Conrad Kohrs opened a butcher shop. Grant build a 4000 square foot house in 1862 and 5000 square feet was added to that home by Kohrs in 1890. Augusta Kohrs salvaged the bug ridden house in a “war of extermination”. Over time she acquired the finest things in life, luxurious furnishings, Pershian rugs, the finest china.
The ranch house is open to the public as are the grounds. When we visited a volunteer fella had a chuck wagon on display and offered us cowboy coffee he had made over the campfire. A blacksmith was busy making andirons in the blacksmith shop. And Miles, a volunteer cowboy was mounted on Fox, a quarter horse who lives on the ranch. We enjoyed the information that the knowledgeable volunteers and Rangers shared, and the ranch is beautiful.











We also say goodbye to Idaho at that point and enter Montana. The road on the east side of Lolo pass is much smoother, wider and a more gentle slope as it follows Lolo Creek down towards the town of Lolo. We pass numerous ranches and more than a few fire camps and fire drop points. We meet momma moose standing on one side of the highway looking towards the other. She’s waiting for her baby. The few motorists stop and wait for baby to catch up. Then they disappear into the woods. We are still on the path that Lewis and Clark took in 1805 but I think we have it much easier than they. No paved roads for them and no gigantor home on wheels either!
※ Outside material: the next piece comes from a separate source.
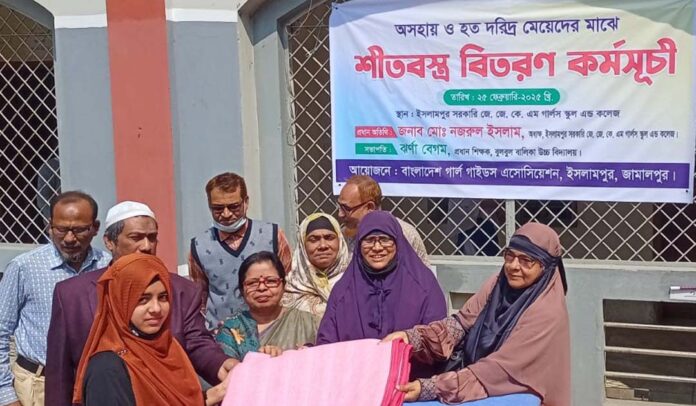 জামালপুর প্রতিনিধি ঃ জামালপুরের ইসলামপুর সরকারি জে জে কে এম গার্লস স্কুল এন্ড কলেজে অসহায় ও দরিদ্র শিক্ষার্থীদের মাঝে বাংলাদেশ গার্ল গাইডস এসোসিয়েশনের পক্ষ থেকে শীতবস্ত্র বিতরণ করা হয়েছে। মঙ্গলবার (২৬ ফেব্রুয়ারি) সকালে সরকারি স্কুল মাঠে শিক্ষার্থীদের মাঝে শীতবস্ত্র বিতরণ করার সময় প্রধান অতিথি হিসেবে উপস্থিত ছিলেন সরকারি জে জে কে এম গার্ল স্কুল এন্ড কলেজের ভারপ্রাপ্ত অধ্যক্ষ মোঃ নজরুল ইসলাম। সভাপতিত্ব করেন গার্ল গাইডস এসোসিয়েশনের উপজেলার স্থানীয় কমিশনার ও বুলবুল বালিকা উচ্চ বিদ্যালয়ের প্রধান শিক্ষক ঝর্না বেগম।

We left McCall and headed northwest on Highway 55. We’ve been on Mountain Time since we left Vale, Oregon. We assumed that once in the more eastern state of Idaho that we would stay in the Pacific Time Zone. Whoa, cowboy! Not so fast there pardner! We now know it’s true that the southern part of Idaho is in the Mountain Time Zone, the northern Idaho is in Pacific Time. So as we turn on highway 95 and head north towards Riggins, a town of 420 souls, we are still on Mountain time.
North of Riggins, right across the Salmon River Bridge we are back in the Pacific time zone! What the hey! So begins the strange time……zone!
Riggins is nestled deep in a canyon at the confluence of the Salmon and Little Salmon Rivers at 1800′ in elevation. As Riggins is the northwestern most town in the Mountain time zone, US-95 is the only highway for the state that connects the panhandle to the south. The town claims to be Idaho’s Whitewater Capital and well it could be. Rafting, kayaking are very popular as are fishing and hunting. The Seven Devil’s Mountains and Hell’s Canyon National Recreation area close by.
Before climbing out of the canyon we pass White Bird. The town of 91 folks is named after the Nez Perce chief that lead his people to the first fight and a significant defeat of the U.S. Army in 1877.
The entire area is like traveling through an American history museum. Signage is mostly dedicated to the Nez Perce people, how they lived and how the U.S. tried to remove them from their homeland so that the west could be settled by emigrants, miners and others. It’s interesting to note that before the army, the settlers and the miners made their presence the Native Americans and fur trappers and traders got along well together.
US-95 climbs the 2100 vertical feet out of Salmon Canyon onto the Camas Prairie. Native Americans coveted the camas plant root as food. 

The Nez Perce depended on the root for sustenance. The women would dig up the camas bulbs using elkhorn tied to wood digging sticks. After being cleaned the bulbs were piled on a bed of grass on hot stones and place over a fire pit and steamed. Once cooked they were dried. The extensive cooking broke down a good portion of the starch content to sugar, producing a sweet potato- like flavor. The story goes when the Corp of Discovery, i.e., Lewis and Clark Expedition arrived gaunt and starving, the Nez Perce offered them camas root to eat. The root didn’t agree with the guts of most of the men and caused them a lot of grief for an extended period of time.